There may be a dark side to the increasing precision with which marketers can locate and track their quarry. The Orwellian overtones of companies and market researchers' getting together to share vast databases of detailed, individual consumer behavior are hard to deny. Just the names of psychographic tools (Monitor MindBase, LifeMatrix) are enough to get privacy advocates worked up. But researchers say they are only putting to more effective use information that consumers surrendered when they used credit cards, registered on websites or responded to questionnaires. And marketers keep raising the stakes. Personicx, launched by Acxiom Corp. in 2002 and using information from public records, third-party research, product-warranty cards and other sources, is designed to be updated monthly to reflect such life-changing events as the birth of a child or a job promotion. The next objective is to be able to identify an individual's "velocity component"--whether he is moving up or down the socioeconomic ladder and how fast. "This may be the holy grail of consumer information," says Charles Morgan, Acxiom's CEO. "If you can figure out whether someone is on the up-and-up, then you can devote more money marketing to him than to someone going the other way."
Gerald Zaltman, a Harvard Business School professor and the author of How Customers Think: Essential Insights into the Mind of the Market, believes marketers should even delve into the unconscious mind. Clients like Procter & Gamble use the Zaltman metaphor-elicitation technique, which enables them to uncover deep metaphors that lie beneath people's conscious opinions on products or advertisements. Zaltman is experimenting with brain scans to see which parts of the mind are active during certain purchasing decisions.

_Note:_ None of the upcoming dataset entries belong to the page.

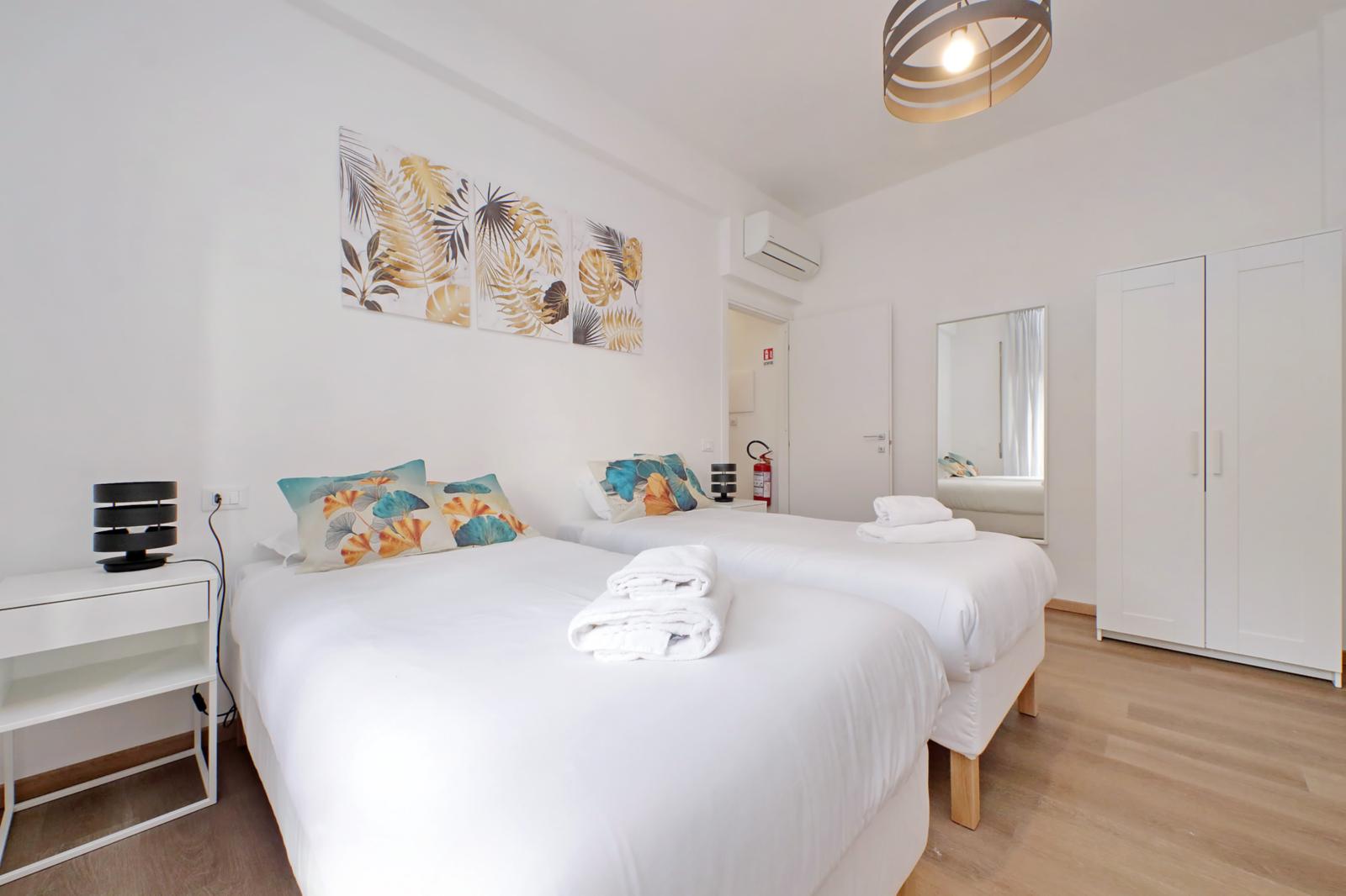 - 2 camere da letto: una doppia (con letti singoli unibili 90x200, che possono essere uniti per formare un matrimoniale) e una tripla (con due letti singoli unibili 90x200 e un letto singolo aggiuntivo 80x200).
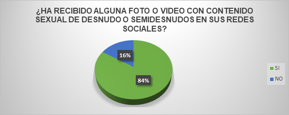 Al efectuar el análisis el 84% de los adolescentes encuestados manifestaron que en alguna ocasión han recibido fotos de contenido sexual, sea este por mensaje interno o por publicaciones a la que han tenido algún tipo de acceso. Un porcentaje menor 16% no han recibido este tipo de contenido.
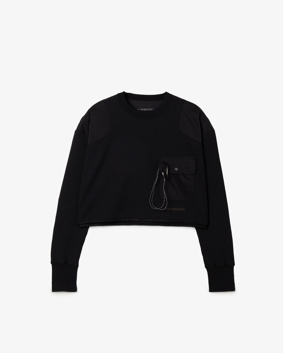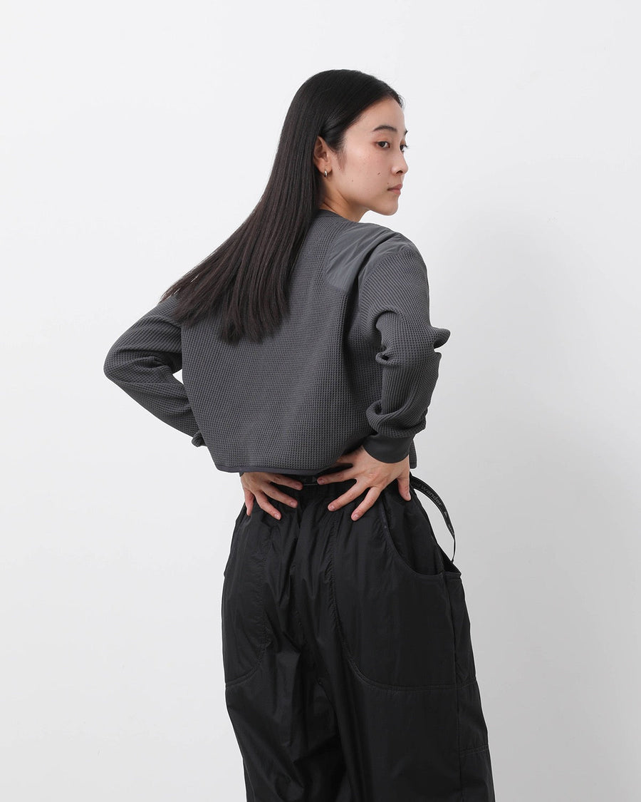 The WAFFLE SHORT LENGTH T (W) is made from lightweight, quick-drying polyester waffle fabric with excellent stretch recovery and features a pocket with a carabiner.
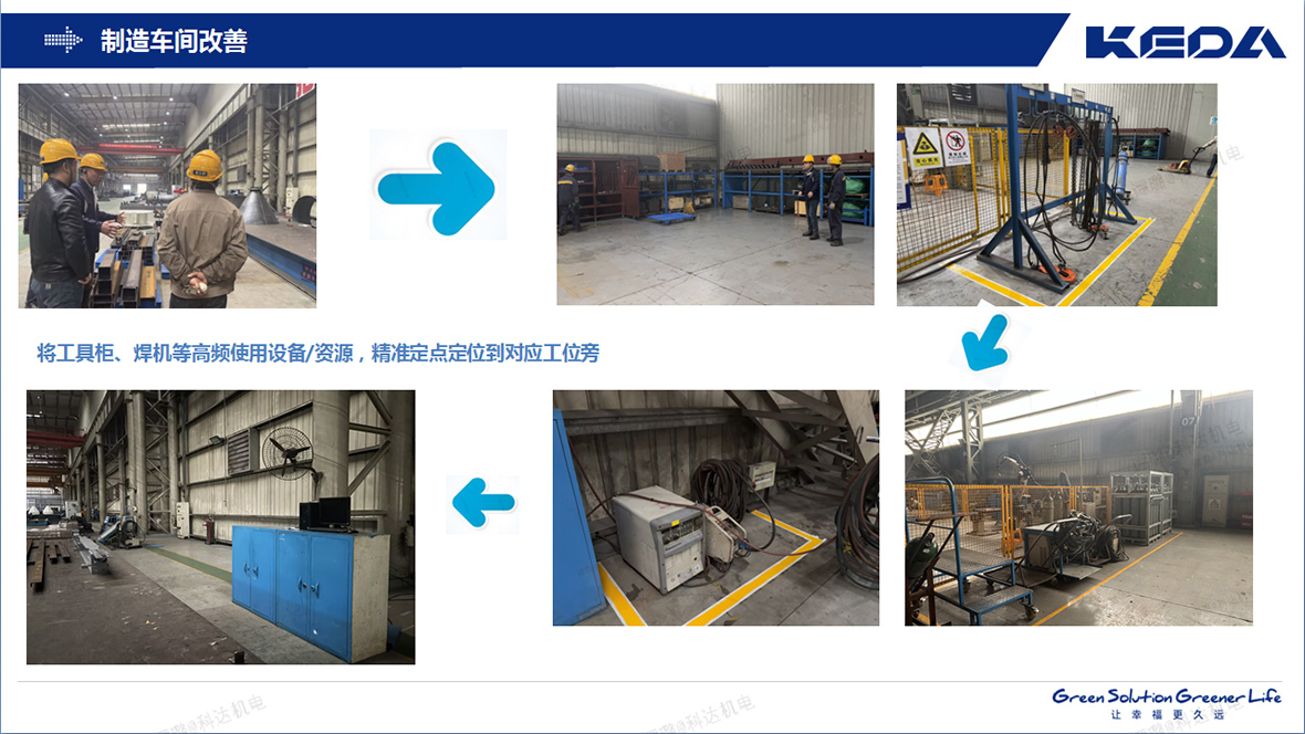 安徽科達(dá)機(jī)電深度聚焦作業(yè)效率,系統(tǒng)性地將工具柜、焊機(jī)等高頻使用設(shè)備/資源,精準(zhǔn)定點(diǎn)定位到對(duì)應(yīng)工位旁。大幅減少了設(shè)備拖曳、接駁的時(shí)間浪費(fèi)和安全隱患;總裝車間則利用呆滯物料改制智能電控樁,實(shí)現(xiàn)集成化作業(yè),提高了裝配效率的同時(shí)又改善了現(xiàn)場(chǎng)環(huán)境。這一系列定點(diǎn)布局優(yōu)化,顯著縮短了操作人員的非增值走動(dòng)和準(zhǔn)備時(shí)間,讓員工能將更多精力集中于核心價(jià)值創(chuàng)造,生產(chǎn)效率得到切實(shí)提升!

But psychographics may not be that ominous after all. Scientific purists argue that market researchers aren't really getting inside people's minds they're just manipulating ordinary shopping and demographic data to make it look that way. Carrie Hollenberg, a senior consultant at SRI Consulting Business Intelligence, says many companies have created psychographic types by merely "assigning a company's customers to various groups with colorful names and descriptions. That's not using true psychological traits to get into who people really are." Hollenberg's firm owns a personality-profiling system called vals (values, attitudes and lifestyle survey) that was developed in 1989 using research conducted at the University of California, Berkeley, and Stanford; she says vals gets the psych job done correctly.
In fact, it's likely the vagaries of consumer impulse will continue to befuddle the best prognosticators at least some of the time. No matter how much data suggest otherwise, a nervous mother of two may get roped into riding a roller coaster and discover a new passion for risk. A stilettoed fashionista might wobble into Wal-Mart. Some things will always be unpredictable.